Spring 2018
Spring has sprung, and the lab has some exciting news – two of our Ph.D. candidates, Erik Enbody and Brock Geary, are about to fledge!
Erik Enbody is preparing to defend his dissertation in March 2018 and, following his defense, he will begin a postdoctoral research position in Dr. Leif Andersson’s lab at Uppsala University in Sweden. Since the last update, Erik coauthored a meta-analysis on extra pair paternity rates across Malurus fairywrens that was recently published in Molecular Ecology (Brouwer et al. 2017), submitted a manuscript, and has been working through a mountain of genomics data on white-shouldered fairywrens.
Brock Geary will defend his dissertation in April 2018, and following his defense, he will begin a postdoctoral research position in Dr. Paul Leberg’s lab at the University of Louisiana at Lafayette where he will continue his work on the foraging ecology of brown pelicans in the Gulf. Since the last update, Brock has submitted a manuscript and worked through thousands of GPS locations to map brown pelican foraging ecology in the Gulf of Mexico.
Zoë Diaz-Martin had a productive fall semester teaching the ecology lab and making progress with lab work. She also continued a conservation oriented project that bolsters local conservation efforts in northwest Ecuador. She looks forward to traveling this semester to Dr. Paul Gugger’s lab at the University of Maryland to begin her genomic work of Oenocarpus bataua.

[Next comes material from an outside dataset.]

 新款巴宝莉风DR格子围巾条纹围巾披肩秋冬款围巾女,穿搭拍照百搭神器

John Jones spent most of fall indoors, revamping his dissertation project to focus now on behavioral endocrinology and multimodal signals in female white shouldered fairywrens. He is preparing to head back to Papua New Guinea in April for another field season. He also published the last golden-winged warbler paper to come out of his master’s study population in Wilson Journal of Ornithology (Tisdale and Jones et al. 2018), as well as collaborative paper on migratory connectivity in PNAS (Kramer et al. 2018) .

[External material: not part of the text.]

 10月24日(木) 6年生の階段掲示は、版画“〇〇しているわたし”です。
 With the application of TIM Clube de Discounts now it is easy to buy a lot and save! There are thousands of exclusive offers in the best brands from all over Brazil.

Sarah Khalil spent the past semester developing her thesis ideas, focusing on the evolution and mechanisms of carotenoid-based sexual signals. She travelled back to Brisbane, Australia for a quick trip in November to collect some more samples during the breeding season, and also presented preliminary results from her 2017 field season at the meeting for the Society of Integrative and Comparative Biology in January. She is preparing for her next field season to Australia in May to collect more data, as well as to lead the new cohort of NSF IRES undergraduate students.
Kaushik Narasimhan is on the verge of completing his first year in the PhD program at Tulane. He led a team of undergraduate students that gathered data on frugivory at palm trees from motion-activated camera traps, and is preparing for pilot fieldwork related to GPS tracking of umbrellabirds over the summer in Ecuador.

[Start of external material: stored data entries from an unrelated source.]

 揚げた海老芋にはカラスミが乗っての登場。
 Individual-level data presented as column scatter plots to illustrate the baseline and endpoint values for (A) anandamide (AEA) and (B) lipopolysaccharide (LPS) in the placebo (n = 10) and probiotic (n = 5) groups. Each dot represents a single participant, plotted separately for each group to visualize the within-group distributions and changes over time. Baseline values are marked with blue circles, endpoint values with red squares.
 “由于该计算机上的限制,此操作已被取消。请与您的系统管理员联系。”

Jordan Karubian received a grant from the Morris Animal Foundation for research on how lead impacts mockingbird behavior, with collaborators Dr. Howard Mielke from the Tulane School of Medicine and Dr. Renata Ribeiro from Tulane’s Ecology and Evolutionary Biology Department. He has published new articles in Acta Oecologica (with lab alums Kym Ottewell and Luke Browne, Ottewell et al. 2017), Behavioural Processes (with lab alum Jenny Hazlehurst, in press), Journal of Tropical Ecology (with lab alums Scott Walter and Luke Browne, as well as members of our partner organization FCAT, Walter et al. 2017), Molecular Ecology (with Erik Enbody, Brouwer et al. 2017), and New Phytologist (with lab alum Luke Browne, accepted).